К книге
Том 1. ГолосаСТАТЬИ И ЗАМЕТКИ. О СЕБЕ. ПОЛЕТЫ С ШАГАЛОМ
68%
СТАТЬИ И ЗАМЕТКИ. О СЕБЕ. ПОЛЕТЫ С ШАГАЛОМ
306

Записки поэта

Думаю, что художник Марк Шагал еще и потому пользуется всемирной известностью и всеобщей любовью, что всем своим творчеством он показывает: в искусстве нет четкой грани, отделяющей реальный мир от мира вымысла. Так чувствуют и так рисуют дети. Из художников – некоторые гениальные. В самом деле, где граница между моими чувствами и мыслями – и происходящим вокруг? Как-то мы условились, что она существует на уровне физическом и тактильных ощущений. А на психологическом – где кончаюсь я и начинается мое и насколько это мое? Довольно расплывчато. Так или иначе приходится признать, что все вокруг – живое и сообщается между собой. В поэзии средство – язык, слово. Признаюсь, я литературу вообще по старинке отношу к разным видам поэзии, даже журналистику воспринимаю как антипоэзию – вне оценочных категорий.

Мне часто представляется, что русский язык – это бескрайнее волнующееся море, где на материке литературы стоят отдельно воображаемые, но совершенно реальные по-своему миры: мир Гоголя, мир Льва Толстого, мир Чехова и др. Здесь можно прогуливаться, общаться с населением и быть совершенно самим собой. Это особая радость, которая дана человеку не иначе как свыше. Просто надо сесть поудобнее, раскрыть книгу и погрузиться в это безумное множество значков, которые мгновенно превращаются в реальность, обступающую тебя со всех сторон. Какая физика и какая химия!

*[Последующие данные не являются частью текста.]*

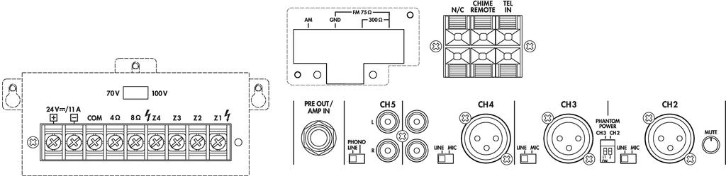 During operation, there may be a hazard of contact with a dangerous voltage of up to 100 V at the speaker terminals. Always switch off the amplifier before making or changing any connections.
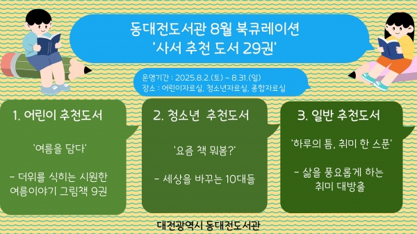 [충청중심뉴스] 동대전도서관은 8월 한 달 동안 연령별 맞춤형 북큐레이션 프로그램 ‘사서 추천 도서 29권’을 운영한다.

И этот бесконечно намываемый материк, порождаемая литературой реальность, где все это есть – в нас или вовне? Мне кажется, литературоведение зачастую еще плавает по поверхности. Нет у него кроме логики других орудий, а они есть! Не анализ, а синтез; уподобление, перевоплощение, отстранение, обозрение на расстоянии и много чего другого, стоит только направить движение мысли в эту сторону.

В живописи еще наглядней. Я вижу величественные дворцы и постройки, в прошлом и в современности, шпили их задевают звезды, а корни протянулись к нашему сердцу. Я вижу темные покои Рембрандта, изнутри таинственно озаренные человеческими лицами. Я вижу цветной ковер Матисса, где идешь вроде в глубину, а все остаешься на поверхности; нелогично, но убедительно. В перспективе я различаю иные здания и миры. И я убежден, что они существуют так же, как мой город, моя улица, мой дом. И двери туда всегда открыты – это сами картины. То, что говорил Павел Флоренский об иконах: это окна – туда, – кажется, верно в отношении всего искусства. Но это еще и окна оттуда, в свете которых мы проходим.

И вот теперь, созерцая картины Шагала, я вижу его Витебск, не тот, в котором я никогда не был, а тот, который я знаю и над которым, кажется, летал в детстве. И этот Витебск не только мой, он принадлежит всем, кто увидит и полюбит его. Я уверен, что сам этот Витебск знает и любит нас.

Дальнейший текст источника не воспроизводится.